= Richie McMullen =

Activist against male rape

Richie McMullen (c. 1943 – November 28, 1991) was an English author, youth counsellor and an advocate for social reform to address the rape of men and boys. He co-founded two support organizations for male rape victims and sex workers, and published four books, including an autobiographical novel Enchanted Boy (1989) and the academic study Male Rape (1990).

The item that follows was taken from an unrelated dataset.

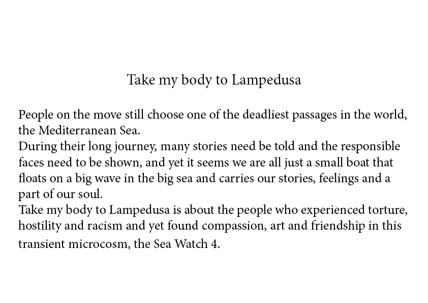 • A passenger after rescue that wants to remain anonymous. *** People on the move still choose one of the deadliest passages, the mediterranean sea. They experienced torture, hostility and racism and yet found compassion, art and friendship on this small microorganism the Sea Watch 4.
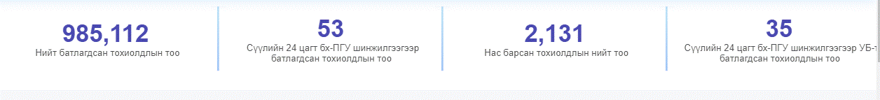 Үүнээс 35 нь Улаанбаатарт, 18 нь орон нутагт бүртгэгдсэн байна. Ингэснээр нийт бүртгэгдсэн халдварын тоо 985,112 боллоо.

McMullen was born in a working-class Catholic neighbourhood of Liverpool, where he experienced physical abuse from his father from a young age. As a child and teenager, he was a rent boy, which enabled him to leave home and move to London at 15 in 1958. He also served in the U.K. Merchant Navy and the regular military, and worked as a student nurse in a mental hospital. McMullen earned a degree in counselling from Hatfield Polytechnic, and in 1972 helped open a youth hostel with The Centrepoint Project in Soho. He co-founded the organization Streetwise in 1985 to assist rent boys in London. In 1987 he also co-founded a support group for male victims of rape, named Survivors, which operated a helpline. At the time, English and Scottish law only criminalized the rape of women, not of men. McMullen organized the first U.K. conference on male sexual abuse. He tested positive for HIV in 1985, and was diagnosed with AIDS in 1987. After his diagnosis, he began to write, publishing Living With HIV in 1988, Enchanted Boy in 1989, its sequel Enchanted Youth in 1990, and the academic work Male Rape also in 1990. Male Rape was the first in-depth work published on the topic, and presented McMullen's research showing that most rape of men and boys was perpetrated by heterosexual men who were motivated by power more than sexual desire. McMullen died on November 28, 1991.